In this dissertation, we tackle the performance and scalability challenges of multi-core architectures by providing three solutions for increasing performance using HTM (i.e., Part-HTM, Octonauts, and Precise-TM), and one solution for solving the scalability issues provided by NUMA-architectures (i.e., Nemo).
• Part-HTM is the first hybrid transactional memory protocol that solves the problem of transactions aborted due to the resource limitations (space/time) of current best-effort HTM. The basic idea of Part-HTM is to partition those transactions into multiple sub-transactions, which can likely be committed in hardware. Due to the eager nature of HTM, we designed a low-overhead software framework to preserve transaction's correctness (with and without opacity) and isolation. Part-HTM is efficient: our evaluation study confirms that its performance is the best in all tested cases, except for those where HTM cannot be outperformed. However, in such a workload, Part-HTM still performs better than all other software and hybrid competitors.

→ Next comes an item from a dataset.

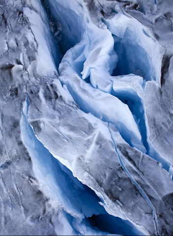 空中拍到的康格尔隆萨克冰川巨大的裂缝,显示了令人担忧的迹象:融速和流速越来越快。如果冰川有朝一日真的完全融化,将不会恢复,人类就会面临洪水与干旱同时来袭的悲惨命运。

• Octonauts tackles the live-lock problem of HTM at high contention level. HTM lacks of advanced contention management (CM) policies. Octonauts is an HTM-aware scheduler that orchestrates conflicting transactions. It uses a priori knowledge of transactions' working-set to prevent the activation of conflicting transactions, simultaneously. Octonauts also accommodates both HTM and STM with minimal overhead by exploiting adaptivity. Based on the transaction's size, time, and irrevocable calls (e.g., system call) Octonauts selects the best path among HTM, STM, or global locking. Results show a performance improvement up to 60% when Octonauts is deployed in comparison with pure HTM with falling back to global locking.
• Precise-TM is a unique approach to solve the granularity of the software fallback path of best-efforts HTM. It provide an efficient and precise technique for HTM-STM communication such that HTM is not interfered by concurrent STM transactions. In addition, the added overhead is marginal in terms of space or execution time. Precise-TM uses address-embedded locks (pointers bit-stealing) for a precise communication between STM and HTM. Results show that our precise fine-grained locking pays off as it allows more concurrency between hardware and software transactions. Specifically, it gains up to 5x over the default HTM implementation with a single global lock as fallback path.
• Nemo is a new STM algorithm that ensures high and scalable performance when an application workload with a data locality property is deployed. Existing STM algorithms rely on centralized shared meta-data (e.g., a global timestamp) to synchronize concurrent accesses, but in such a workload, this scheme may hamper the achievement of scalable performance given the high latency introduced by NUMA architectures for updating those centralized meta-data. Nemo overcomes these limitations by allowing only those transactions that actually conflict with each other to perform inter-socket communication. As a result, if two transactions are non-conflicting, they cannot interact with each other through any meta-data. Such a policy does not apply for application threads running in the same socket. In fact, they are allowed to share any meta-data even if they execute non-conflicting operations because, supported by our evaluation study, we found that the local processing happening inside one socket does not interfere with the work done by parallel threads executing on other sockets. Nemo's evaluation study shows improvement over state-of-the-art TM algorithms by as much as 65%.